Tougher Nevada campaign money laws come into play

Three years ago, an independent watchdog group ranked Nevada's campaign finance transparency laws 45th in the nation - an "F" rating underscored by high-profile campaign finance hijinks in the past few months.

"The problem we have in Nevada," said Secretary of State Ross Miller, "is that we're perceived as being the Wild Wild West and have a reputation that anything goes."

Miller, who oversees the state's elections, finally found success changing those laws earlier this month after four years of trying. Gov. Brian Sandoval signed three bills that make a variety of changes in disclosure laws, from requiring candidates to file campaign contribution forms online, to requiring a disclosure on any ad $100 or more, so voters know when large, out-of-state advocacy groups are trying to influence Nevada politics.
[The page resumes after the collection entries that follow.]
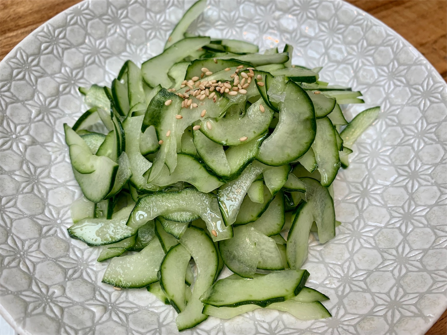 甘酢で和えたキュウリ。
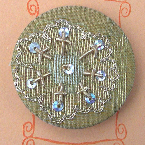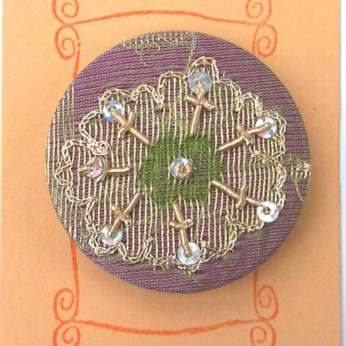 This brooch / pin is a real sparkler - with sequins and metallic fabrics and threads. There are 4 brooches available - just one in each of the colours shown.
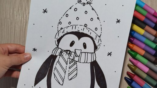 Как нарисовать пингвина. Новогодние рисунки. Пошагово
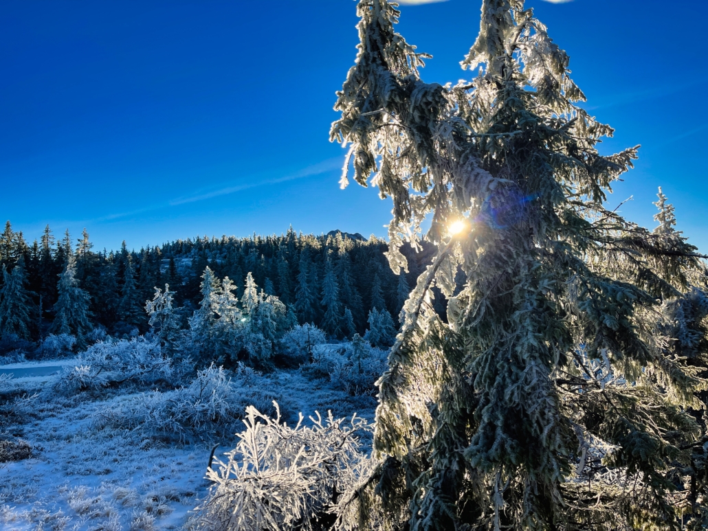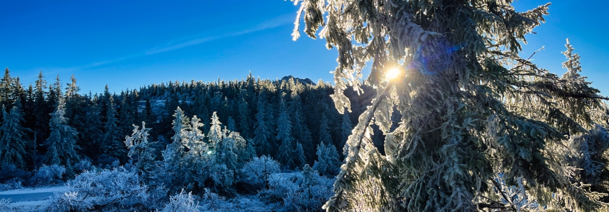 Overgangen fra tjukk granskog til mer høyfjellsskog markeres med en skikkelig kneik opp et skard mellom Grønlikollen og Skrimtoppen. Når man har gått opp den ser man straks at man nærmer seg snaufjellet.
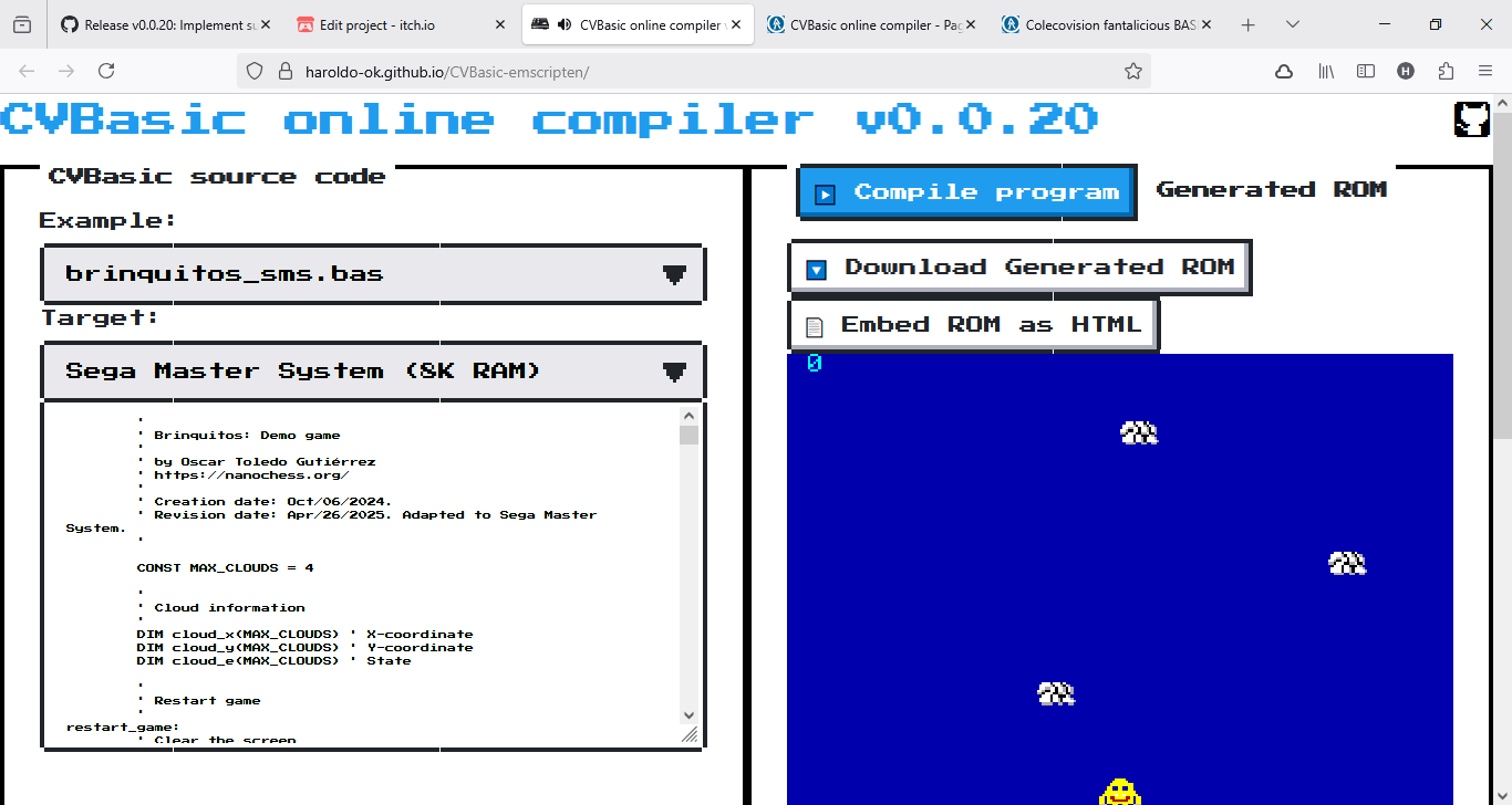 Программист haroldo-ok обновил CVBasic online compiler для написания проектов под ретро-системы Sega Master System и SG-1000. В этой версии добавлена кнопка для загрузки сгенерированного ASM. Также для увеличения/уменьшения отступа кода можно использовать клавиши Tab и Shift + Tab.

"In previous sessions, it felt like pushing a rock up the hill," Miller said of the bills. "Every session, people forgot about the importance of the issue."

Votes were still split, but Miller said several controversies made it easier this time around for lawmakers to see holes in state election law.

Rory Reid, who failed a 2010 gubernatorial bid against Sandoval, was under investigation for skirting rules after his campaign created 90 smaller PACs and funneled donations through them from a large, umbrella PAC. Reid earlier this month paid an administrative fine of $25,000, but said he thought all along that the funding structure he used in his campaign was legal.

Another controversy cropped up after dozens of lawmakers received contributions from a company hoping to legalize Internet poker. Pokerstars is based overseas, and federal rules ban international contributions; one of the new campaign laws will clarify the ban in state law.

A criminal complaint filed Friday against a former Nevada Assemblyman brought the issue to the forefront again. The state attorney general alleges that Morse Arberry Jr. diverted more than $121,000 in campaign contributions to his personal checking account during the 2008 election cycle.

Miller says his office wants to "repair the perception" that political groups can get away with murder in Nevada.

Among the changes that will be in place by the 2012 election season:

Candidates will file all their reports electronically through the secretary of state's office. Existing law has candidates filing at different locations, including county clerk offices. The new system will create a database that voters can search by candidate, contributor, dollar amount and other data. It upgrades a system that required state staff to scan piles of handwritten documents into the system, and that only allowed voters to search reports by candidate.

Contribution and expense reports will be due four days before early voting begins so an increasing number of Nevadans who vote early can do more research before making their decision. The extra reports are in addition to the ones already due just before election day.

All ads, billboards and radio spots that cost more than $100 now must identify who paid for them. Anyone who spends more than $100 to influence an election must also register with the secretary of state and file expense reports.

Opponents say portions of the laws are too strict, and the extra paperwork and looming penalties could discourage average citizens from participating in elections.

"We want to be as transparent as possible," said Sen. James Settelmeyer, R-Minden, who vetted the laws as part of the Senate elections committee. "But to maintain the concept of a citizen Legislature, it can't be so cumbersome that a citizen can't participate."

He also worried that the electronic filing could oust candidates who don't have computer access.

Anne Bauer, a researcher with the National Institute on Money in State Politics, said some of the new laws are strong compared with those in other states - the $100 threshold for registering with the secretary of state is one of the lowest in the country.

But she added that the measures will make information more useable, and give voters a better picture of who is influencing the people on the ballot.

"Sunshine is incredibly important to democracy," Bauer said.